Crap. She played classical Christmas music instead. And there were weird interloping versions of Leonard Cohen’s Hallelujah that missed my mark of specifically Christmas music. I wanted Winter Wonderland and Nat King Cole singing Adestes Fideles. This was quickly remedied by a slight syntax adjustment, asking for “Christmas classics.” Boom, Bing. But the shine was off the penny. Maybe she’ll learn. 

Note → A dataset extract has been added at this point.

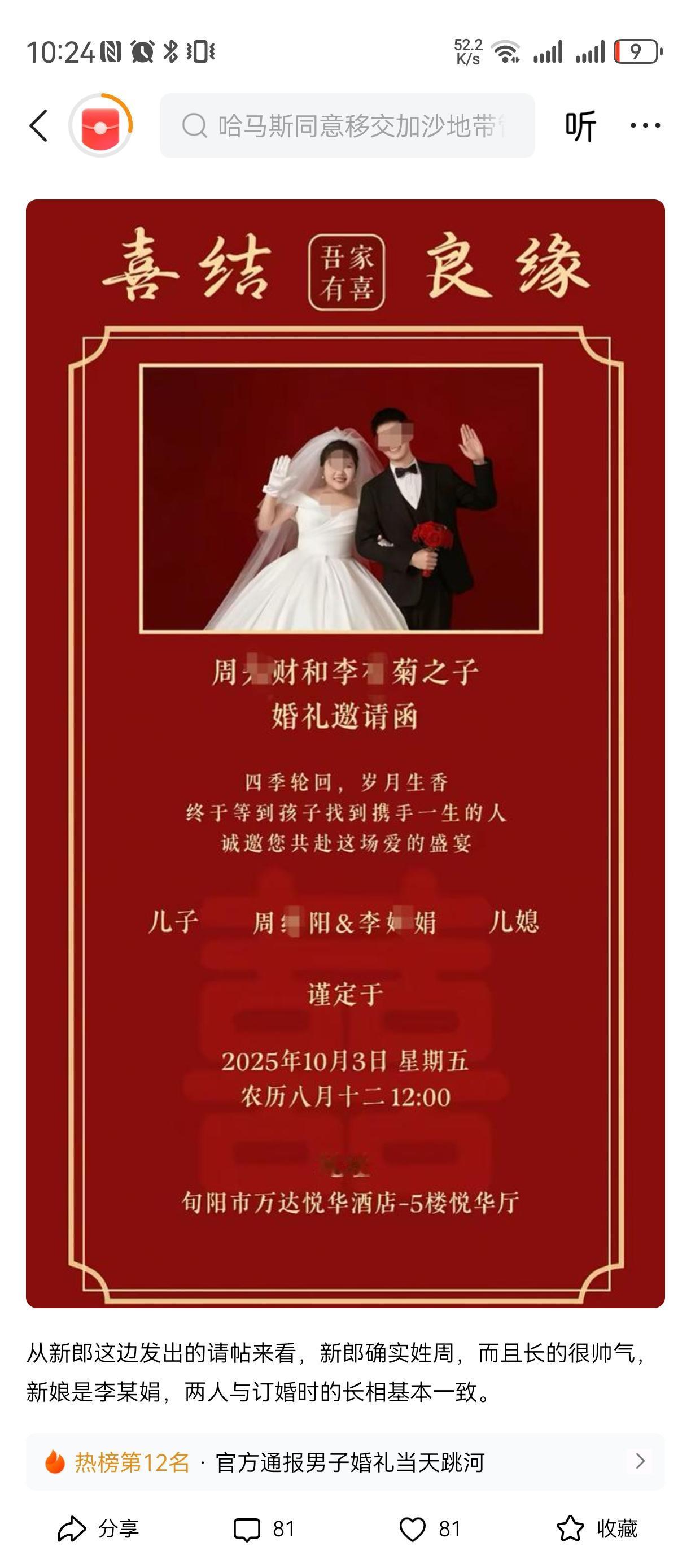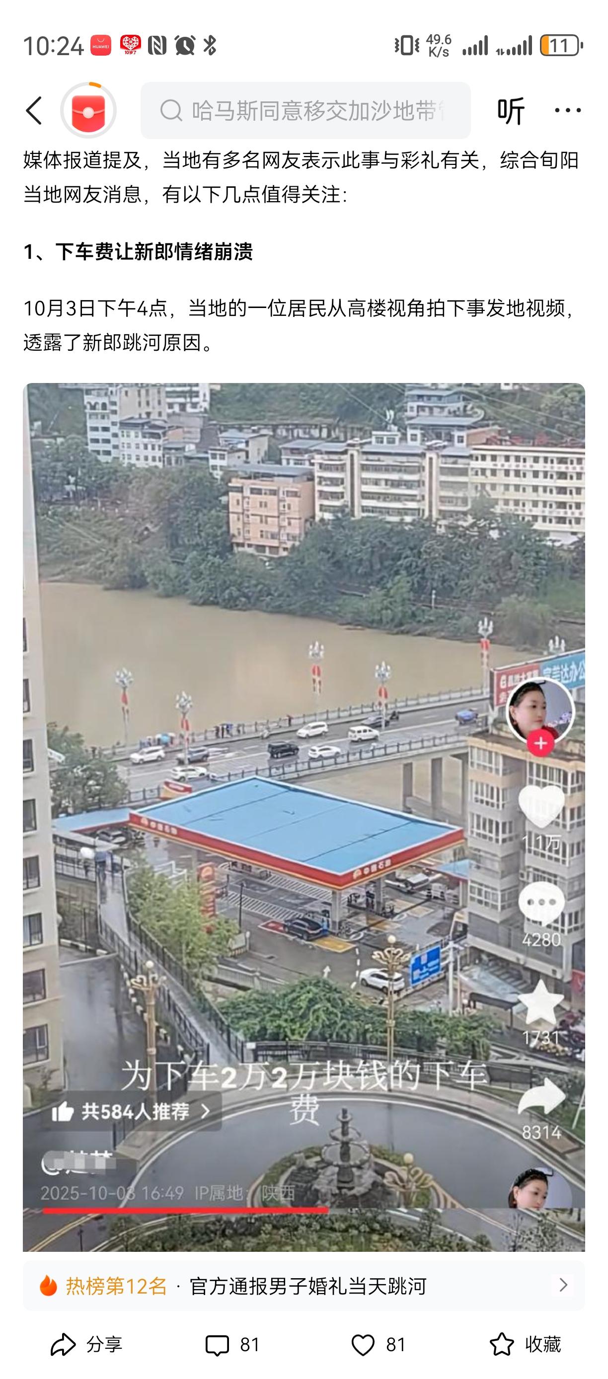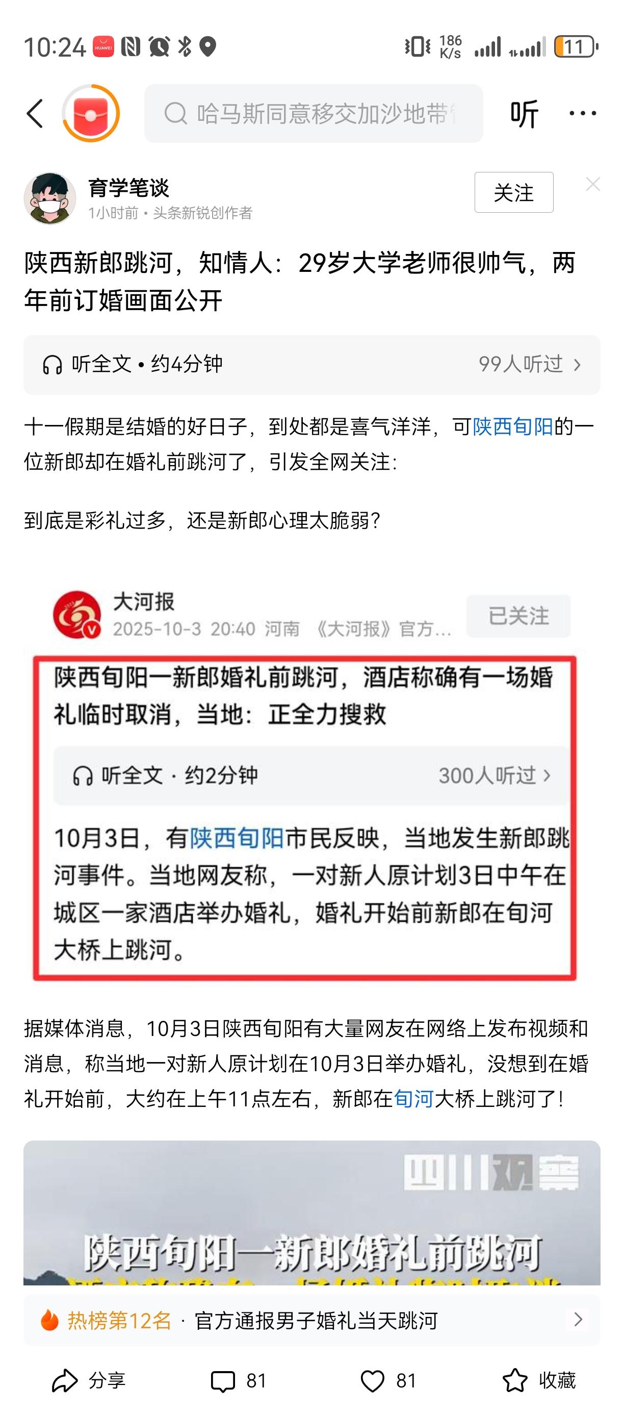 假消息! 昨日因为临时加彩礼的新郎是高知? 还是大学教师? 不可能吧, 大学里什么样的女生没见过? 彩礼过高问题 这种要彩礼的直接不要🙅 何必还搭上自己的性命 留下父母白发人送黑发人! 三万元不就是一点工资?情侣彩礼

I’d asked my techno DJ to play The Nutcracker. She complied with the correctly ordered ballet in full. Another day, I thought the suite would make a great dinner soundtrack. And it did. For a while. 

“Wait. What’s that?”

“Whuh?” responded The Spouse. 

We both listened harder. It was definitely Tchaikovsky. It was a famous ballet. But this was the swan one, not the Christmas fantasy. 

Close, Alexa. You got that artificial down, but keep working the intelligence part. 

“Alexa, next song.” Sigh. 

Empty Spaces

A boring street in an exciting city.

“I’m bored.”

That could have been the tag line to my childhood. It was definitely the refrain to my summers. 

We didn’t have camp or clubs or scheduled activities. Mom would toss us outside and tell us not to come back until dinner. 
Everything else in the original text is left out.